27 October 2008

CLEARER PICTURE ON M'SIA's ECONOMIC FUTURE AFTER NOV 4 - malaysiakini

KUALA LUMPUR, Oct 27 — November 4 could be a make or break day for many Malaysians. On that day, Finance Minister Datuk Seri Najib Razak will reply to questions raised during the Budget debate and is likely to lay out a buffet of new measures to cushion the effects of the world economic slowdown.

He is likely to redraw all the assumptions that went into preparing the Budget which was presented by Prime Minister Datuk Seri Abdullah Ahmad Badawi in September.

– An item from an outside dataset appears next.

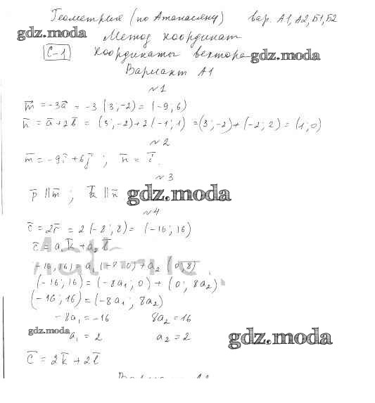 геометрия / к учебнику Атанасяна / самостоятельная работа / ср-1. вариант / А1

The Malaysian Insider understands that Najib could also downgrade economic growth forecast for next year from 5 per cent to 3 per cent. He has little choice. The recent freefall of palm oil prices and the sharp drop in crude oil prices will dent the government's revenue in 2009 and 2010 and impact on its ability to fund projects over the next few years.

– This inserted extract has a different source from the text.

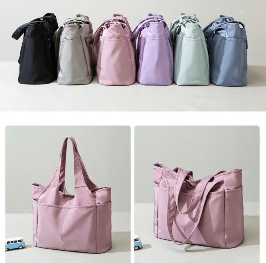 多機能でスタイリッシュなトートバッグ、紫と黒の2色展開。

Also, with the United States economy in a recession and other markets for Malaysian exports slowing considerably, it is only natural that the manufacturing sector here will be affected.

If the government gets it right with its slew of measures on Nov 4, Malaysians will experience an economic slowdown for the next two years but will avoid a gut-wrenching recession.

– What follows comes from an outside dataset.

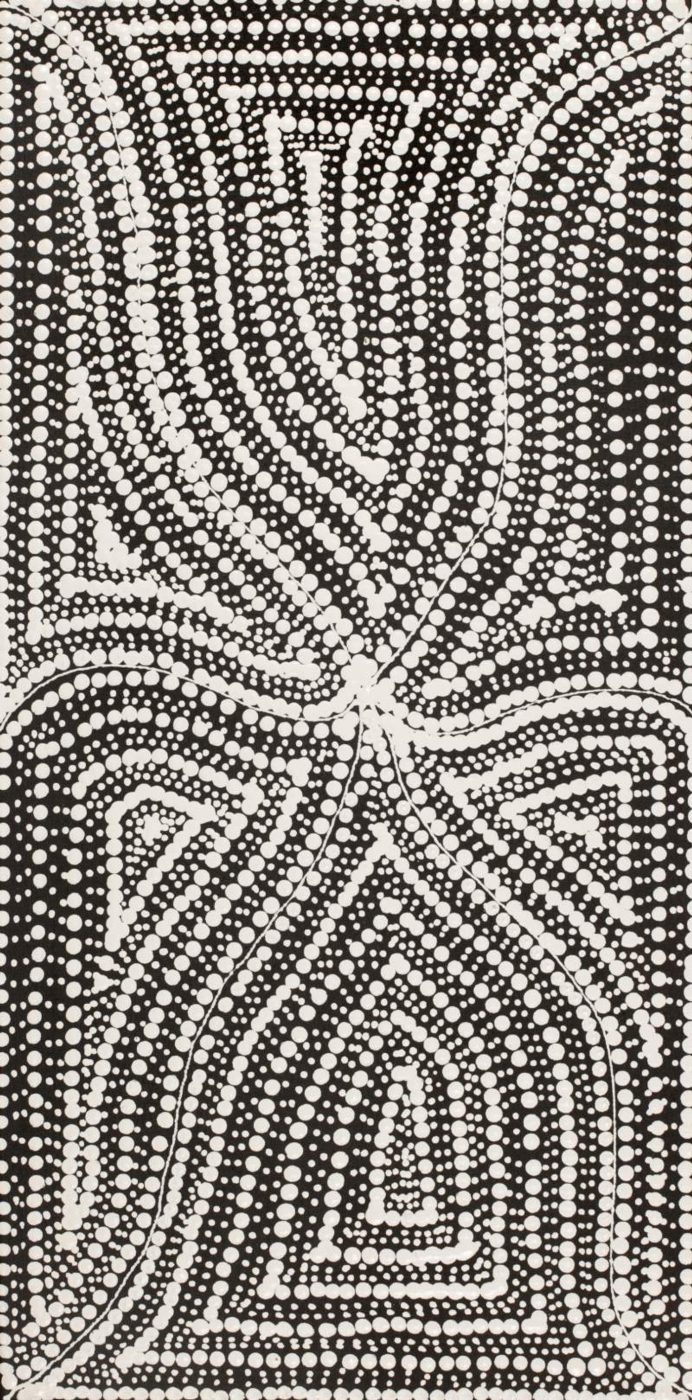 This painting tells the story of a Jangala ‘watiya-warnu’ (Acacia tenuissima) ancestor who travelled south from a small hill called Ngurlupurranyangu to Yamunturrngu (Mount Liebig). As he travelled he picked the ‘watiya-warnu’ seeds and placed them in ‘parrajas’ (food carriers), one of which he carried on his head. Watiya-warnu is a seed bearing tree that grows in open spinifex or mulga country. When people returned to their camp after collecting the seeds they would make large windbreaks for shelter and winnow the seed in the late afternoon. Immature ‘watiya-warnu’ seed is ground into a paste and can be used to treat upset stomachs. The associated ‘watiya-warnu’ ceremony involves the preparation of a large ground painting. This Jukurrpa belongs to Nampijinpa/Nangala women and Jampijinpa/Jangala men. In contemporary Warlpiri paintings traditional iconography is used to represent the Jukurrpa, particular sites and other elements. In paintings of this Dreaming ‘U’ shapes are often depicting women collecting the ‘watiya-warnu’ seeds. Oval shapes represent the ‘parrajas’ where they carry the seeds and strait lines beside them frequently portrait digging sticks.

Sources told The Malaysian Insider that to keep up domestic economy and consumption the government is likely to spend on several major infrastructure projects. But to do that, it must be prepared to allow the Budget deficit to grow even wider.

Government economists and Finance Ministry officials have been looking at the past economic slowdowns and examining strategies that worked then in 1986 and 1997. Clearly, there is consensus that the credit crises in the United States and its contagion effect across the world are more serious and unpredictable than the slump in commodity prices in the 1980s and the Asian Financial Crisis.

Today's global financial crisis is unlike any other in more than three decades. The turmoil has been exported from the US, and then western Europe, to emerging markets. Securitisation and the proliferation and global distribution of complex and opaque financial instruments mean that economies have become more interdependent.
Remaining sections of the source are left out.